Reconstruction of Ground Reaction Force Data Using Lyapunov Floquet Theory and Invariant Manifold Theory

Abstract

Ground Reaction Force (GRF) is an essential gait parameter. GRF analysis provides important information regarding various aspects of gait. GRF has been traditionally measured using bulky force plates within lab environments. There exist portable force sensing units, but their accuracy is wanting. Estimation of GRF has applications in remote wearable systems for rehabilitation, to measure performance in athletes, etc. This article explores a novel method for GRF estimation using the Lyapunov-Floquet (LF) and invariant manifold theory. We assume human gait to be a periodic motion without external forcing. Using time delayed embedding, a reduced order system can be reconstructed from the vertical GRF data. LF theory can be applied to perform system identification via Floquet Transition Matrix and the Lyapunov Exponents.

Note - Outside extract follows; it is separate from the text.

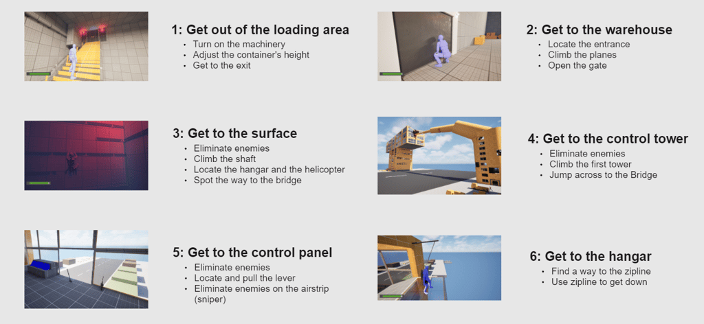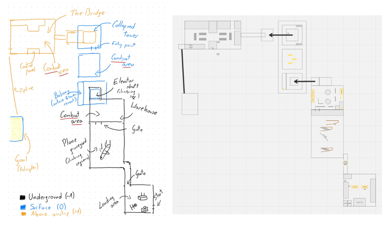 From the very start this level was about the way up through different layers of this aircraft. It was important to reveal story beats gradually and let the player explore the area and his surroundings in a steady pace.
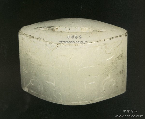 白玉质,保存较好,内有长条形凹槽,两侧各有一小穿孔斜向与凹槽相通,便于固定,两面浅浮雕兽面纹,玉剑首,剑格,剑璏,剑珌同出一墓,同系一剑,系同块玉料琢刻,图像工艺稍逊,应是东晋时作实用玉。

A Conformal Map was generated using the Lyapunov Floquet Transformation that maps the original time periodic system on a linear Single Degree of Freedom (SDoF) oscillator. The response of the oscillator system can be calculated numerically and then remapped back to the original domain to get GRF time evolution. As an example, the GRF data from an optical motion capture system for two subjects was used to construct the reduced order model and system identification. A comparison between the original system and its reduced order approximation showed good correspondence.